[[ Given records, beginning ]]

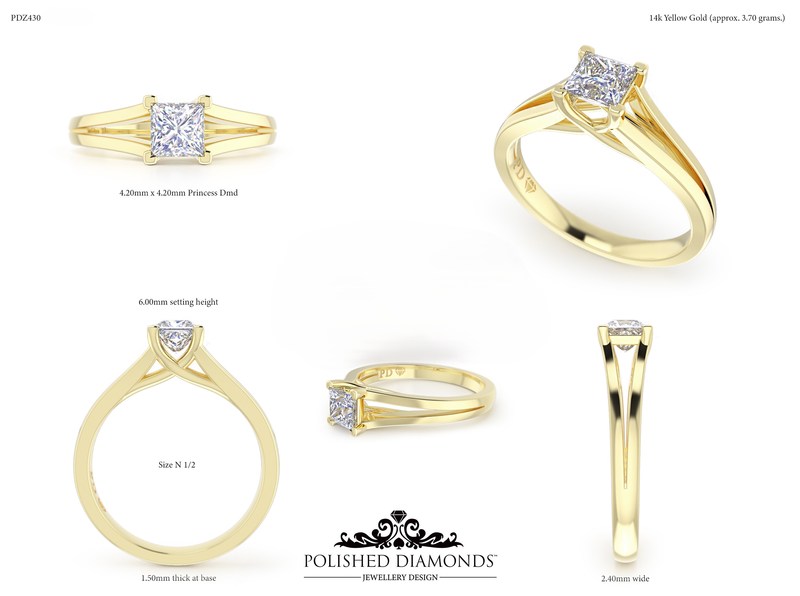 The Princess Solitaire Diamond Ring (PDZ430) is a handcrafted engagement ring featuring a brilliant princess-cut diamond in a classic solitaire setting, crafted in New Zealand. Available in platinum, white gold, yellow gold, or rose gold, this ring is made to order and fully customisable in diamond size, carat weight, and setting style. Visit our Auckland, Wellington, or Christchurch studios or enquire online for personalised pricing.
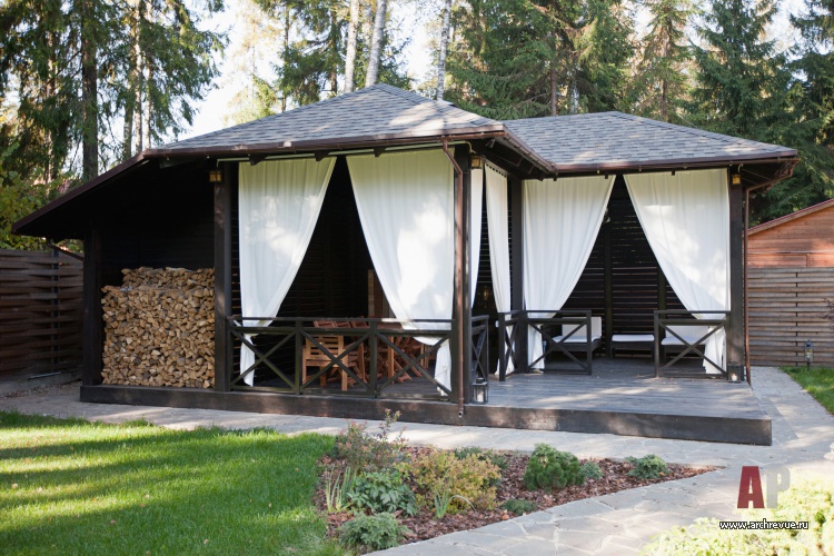 Помимо дома на участке находится деревянная беседка с зоной отдыха.
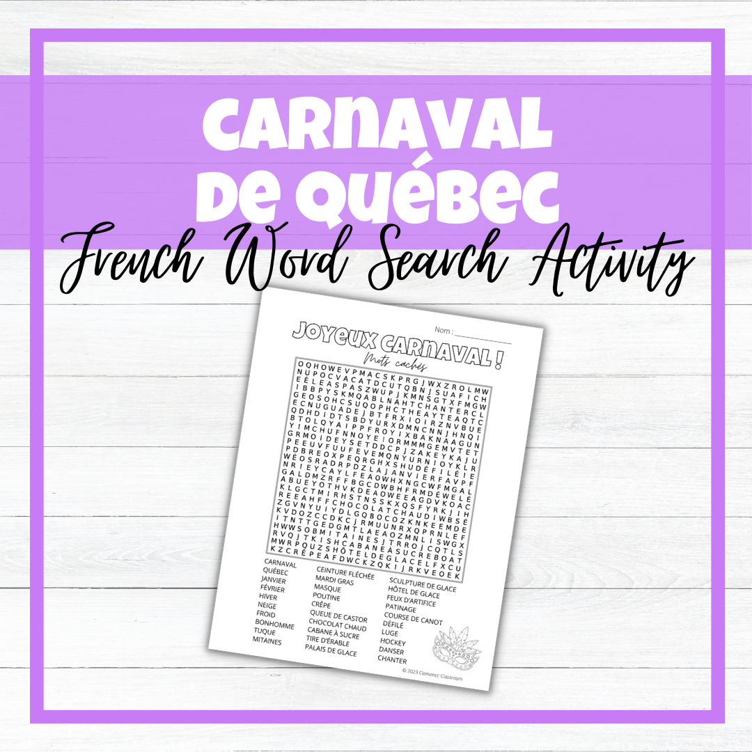I use this word search both in my Carnaval de Québec thematic unit for Grade 5 Core French, as well as during the final period of our school-wide Carnaval winter festival to help the students unwind and relax after a busy day!
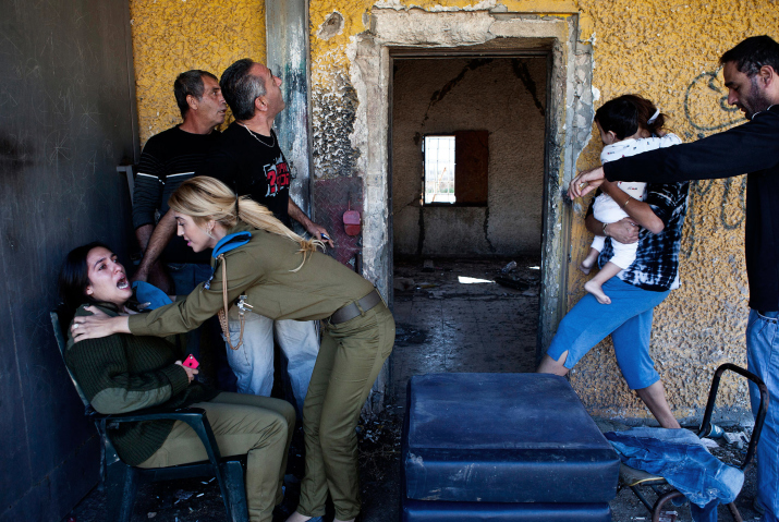 אמא מבכה את בתה, חנן תאפש, עזה. תצלום: מרקו לונגרי, איי.אף.פי, גטי אימג'סקרובים מבכים את איציק אמסלם, קרית מלאכי. צילום: אוריאל סיני, גטי אימג'סמנהיג החמאס איסמעיל הניה מבקר משפחה שבנה נהרג. בשער האתרים והעיתונות הפלסטינית. מתוך: http://paltimes.net/details/news/נתניהו מבקר של סרן זיו שילון, שנפצע לפני כחודש. מתוך עמוד הפייסבוק של ראש הממשלהכוחות הצלה מטפלים בפצוע מירי חיל האוויר הישראלי. בית להייה. צילום: מוחמד עאבד, איי.אף.פי, גטי אימג'סאזרחים ישראלים תחת הפגזת טילים פלסטינית. מקור: http://www.allworldwars.comטיל. צילום: צפריר אביוף, איי.פיטיל. צילום: סאהיב סאלם, רויטרס
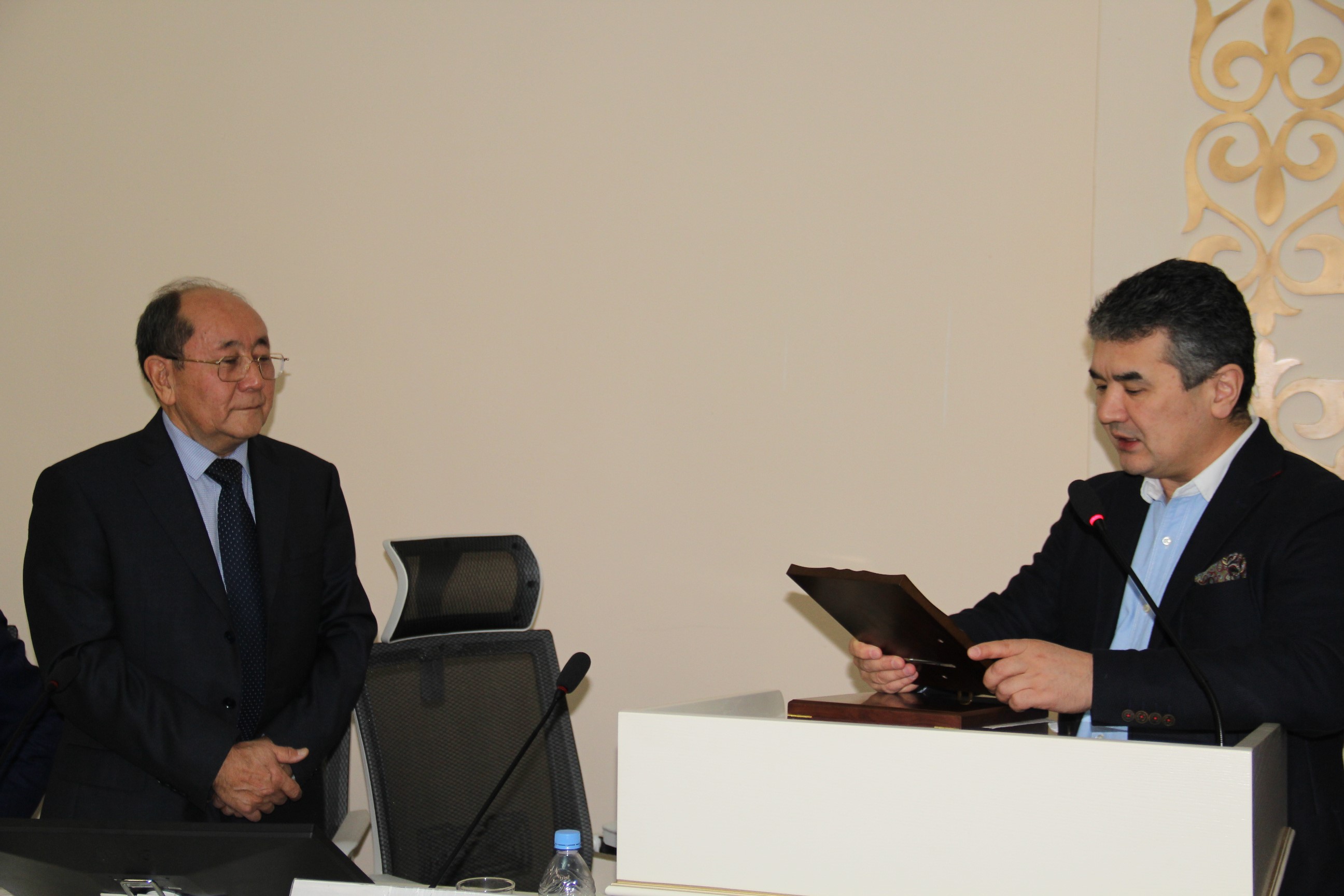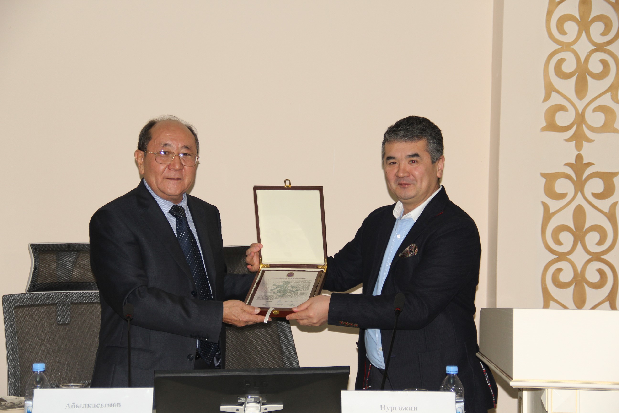 Кездесуге Университет ректоры Т. Нургожин, Қазақ-Ресей медицина университетінің ректоры Джайнакбаев Н.Т., Алматы қаласы бойынша әлеуметтік медициналық сақтандыру қоры филиалының директоры, м.ғ.д, профессор Абильдаев Т.Ш. және де бірге қызмет атқарған әріптестері қатысып, қонағымыздың өмір жолынан сыр шертіп, сыйлықтарын табыс етті.

[[ Given records, end ]]

**Assigned task:** Without changing a word, retype every entry above, but drop its pictures.

**Written response:**
 The Princess Solitaire Diamond Ring (PDZ430) is a handcrafted engagement ring featuring a brilliant princess-cut diamond in a classic solitaire setting, crafted in New Zealand. Available in platinum, white gold, yellow gold, or rose gold, this ring is made to order and fully customisable in diamond size, carat weight, and setting style. Visit our Auckland, Wellington, or Christchurch studios or enquire online for personalised pricing.
 Помимо дома на участке находится деревянная беседка с зоной отдыха.
I use this word search both in my Carnaval de Québec thematic unit for Grade 5 Core French, as well as during the final period of our school-wide Carnaval winter festival to help the students unwind and relax after a busy day!
 אמא מבכה את בתה, חנן תאפש, עזה. תצלום: מרקו לונגרי, איי.אף.פי, גטי אימג'סקרובים מבכים את איציק אמסלם, קרית מלאכי. צילום: אוריאל סיני, גטי אימג'סמנהיג החמאס איסמעיל הניה מבקר משפחה שבנה נהרג. בשער האתרים והעיתונות הפלסטינית. מתוך: http://paltimes.net/details/news/נתניהו מבקר של סרן זיו שילון, שנפצע לפני כחודש. מתוך עמוד הפייסבוק של ראש הממשלהכוחות הצלה מטפלים בפצוע מירי חיל האוויר הישראלי. בית להייה. צילום: מוחמד עאבד, איי.אף.פי, גטי אימג'סאזרחים ישראלים תחת הפגזת טילים פלסטינית. מקור: http://www.allworldwars.comטיל. צילום: צפריר אביוף, איי.פיטיל. צילום: סאהיב סאלם, רויטרס
 Кездесуге Университет ректоры Т. Нургожин, Қазақ-Ресей медицина университетінің ректоры Джайнакбаев Н.Т., Алматы қаласы бойынша әлеуметтік медициналық сақтандыру қоры филиалының директоры, м.ғ.д, профессор Абильдаев Т.Ш. және де бірге қызмет атқарған әріптестері қатысып, қонағымыздың өмір жолынан сыр шертіп, сыйлықтарын табыс етті.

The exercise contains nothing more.